Added some PR comments to highlight the points to review.

rednaxelafx · 2020-05-19T06:19:59Z

core/src/main/scala/org/apache/spark/util/ClosureCleaner.scala


+import scala.collection.JavaConverters._
 import scala.collection.mutable.{Map, Set, Stack}
 import scala.language.existentials


cc @kiszk note that the Spark 2.4 version of this file imports scala.language.existentials

rednaxelafx · 2020-05-19T06:21:01Z

core/src/main/scala/org/apache/spark/util/ClosureCleaner.scala

+    if (isScala2_11) {
+      // Keep existing behavior in Spark 2.4: assume Scala 2.11 doesn't use indylambda.
+      // NOTE: It's actually possible to turn on indylambda in Scala 2.11 via delambdafy:inline,
+      //       but that's not the default and we don't expect it to be in use.
+      return None
+    }


This is Spark 2.4-specific. It was there in the existing code in ClosureCleaner.getSerializedLambda, and I'm porting it over to the new code as well.

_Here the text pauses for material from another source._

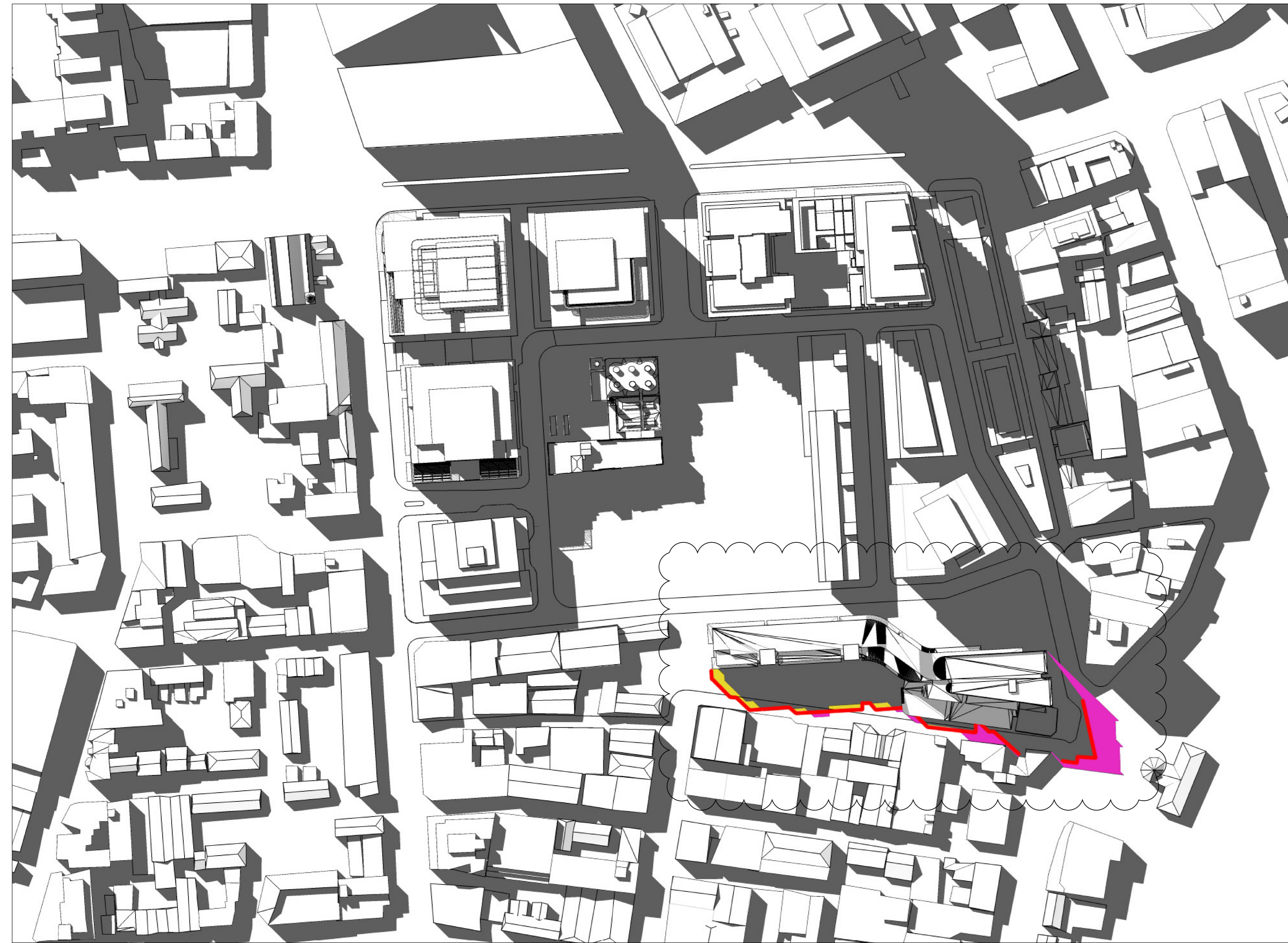
03 21 March 2pm

General Notes 1. Do not scale drawings. Dimensions govern. 2. All dimensions are in meters unless noted otherwise. 3. All dimensions shall be verified on site before proceeding work. 4. Foster + Partners shall be notified in writing of any discrepancies. 5. Australian Eastern Time Zone: UTC/GMT +10 hours

rednaxelafx · 2020-05-19T06:21:38Z

core/src/main/scala/org/apache/spark/util/ClosureCleaner.scala

+   *   enclosing "this", aka `$outer` in Scala.
+   */
+  def isInnerClassCtorCapturingOuter(
+      op: Int, name: String, desc: String, callerInternalName: String): Boolean = {


cc @kiszk I've addressed your comment in this Spark 2.4 backport PR: removed the unused owner parameter.

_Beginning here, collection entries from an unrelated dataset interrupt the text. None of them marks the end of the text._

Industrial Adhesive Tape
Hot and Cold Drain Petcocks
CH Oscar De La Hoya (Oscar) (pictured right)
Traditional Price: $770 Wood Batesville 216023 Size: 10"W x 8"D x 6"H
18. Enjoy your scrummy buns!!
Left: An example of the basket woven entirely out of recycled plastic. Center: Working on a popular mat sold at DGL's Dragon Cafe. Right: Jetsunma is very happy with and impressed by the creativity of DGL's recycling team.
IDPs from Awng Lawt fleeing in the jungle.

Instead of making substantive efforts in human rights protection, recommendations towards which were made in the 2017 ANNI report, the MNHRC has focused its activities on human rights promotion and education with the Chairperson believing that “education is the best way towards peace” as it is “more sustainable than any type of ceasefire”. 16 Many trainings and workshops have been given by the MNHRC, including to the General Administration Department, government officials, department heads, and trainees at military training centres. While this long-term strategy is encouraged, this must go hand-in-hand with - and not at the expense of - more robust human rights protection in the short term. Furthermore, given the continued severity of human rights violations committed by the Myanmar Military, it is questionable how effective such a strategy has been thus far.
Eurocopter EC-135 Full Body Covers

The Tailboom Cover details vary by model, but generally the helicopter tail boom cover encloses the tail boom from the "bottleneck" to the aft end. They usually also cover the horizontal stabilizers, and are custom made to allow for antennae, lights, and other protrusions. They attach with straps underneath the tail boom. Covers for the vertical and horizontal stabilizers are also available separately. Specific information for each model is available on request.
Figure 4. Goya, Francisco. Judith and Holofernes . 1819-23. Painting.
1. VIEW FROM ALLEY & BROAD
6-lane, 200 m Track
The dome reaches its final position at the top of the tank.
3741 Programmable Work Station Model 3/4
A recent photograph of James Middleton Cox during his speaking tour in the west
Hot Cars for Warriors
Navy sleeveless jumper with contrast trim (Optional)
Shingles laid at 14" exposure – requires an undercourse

rednaxelafx · 2020-05-19T06:22:15Z

core/src/main/scala/org/apache/spark/util/ClosureCleaner.scala

+            // `$outer` chain. So this is NOT controlled by the `findTransitively` flag.
+            logDebug(s"    found inner class $ownerExternalName")
+            // val innerClassInfo = getOrUpdateClassInfo(owner)
+            val (innerClass, innerClassNode) = getOrUpdateClassInfo(owner)


cc @kiszk I've addressed your comment in this Spark 2.4 backport PR: use destructuring pattern matching assignment here. This is possible because of the extra import at the top of this file.

rednaxelafx · 2020-05-19T06:22:40Z

repl/src/test/scala/org/apache/spark/repl/SingletonReplSuite.scala

@@ -395,6 +395,67 @@ class SingletonReplSuite extends SparkFunSuite {
    assertDoesNotContain("Exception", output)
  }

+  test("SPARK-31399: should clone+clean line object w/ non-serializable state in ClosureCleaner") {


NOTE: these new tests pass in both Scala 2.11 and Scala 2.12 mode.

rednaxelafx · 2020-05-19T06:26:05Z

Hi @dongjoon-hyun and @dbtsai : could you please help review this backport PR? I did test the ClosureCleaner-related tests in both Scala 2.11 and Scala 2.12 builds locally before I sent out the PR, but it'd be nice to get some more Scala 2.12 testing.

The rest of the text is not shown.